• _DIRECTIONS_: Copy the lines below, please, starting with the one that contains "Current waveforms with" and ending with the last. Pictures stay out.

• _INFORMATION PROVIDED_:
--------------------------------
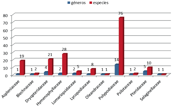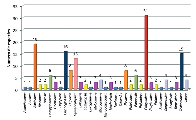 Las familias mejor representadas a nivel genérico son: Polypodiaceae con 14 (42.4%), Pteridaceae con 5 (15.1%), Dryopteridaceae con 4 (12.1%) e Hymenophyllaceae y Lomariopsidaceae con 2 cada una (6%) (Fig. 1). A nivel específico lo son: Polypodiaceae con 76 (43.9%), Hymenophyllaceae con 28 (16.1%), Dryopteridaceae con 21 (12.1%), Aspleniaceae con 19 (11%) y Pteridaceae con 10 (5.8%) (Fig. 1). Los géneros con mayor número de especies son: Polypodium con 31 (17.9%), Asplenium con 19 (11%), Elaphoglossum con 16 (9.2%), Trichomanes con 15 (8.7%) e Hymenophyllum con 13 (7.5%) (Fig. 2).
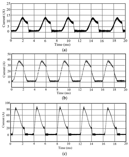 Current waveforms with same rotational speed and different load torques. (a) Current waveform with 4 N∙m load torque. (b) Current waveform with 8 N∙m load torque. (c) Current waveform with 12 N∙m load torque.
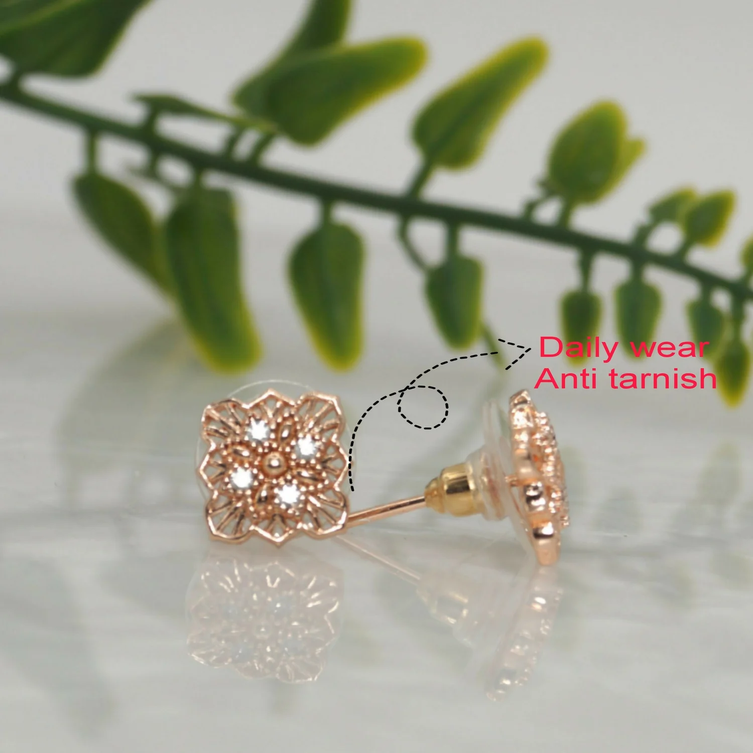 Be the first to review Rose Gold Filigree Square Stud Earrings with AD!
--------------------------------
• _TASK ANSWER_:
 Current waveforms with same rotational speed and different load torques. (a) Current waveform with 4 N∙m load torque. (b) Current waveform with 8 N∙m load torque. (c) Current waveform with 12 N∙m load torque.
 Be the first to review Rose Gold Filigree Square Stud Earrings with AD!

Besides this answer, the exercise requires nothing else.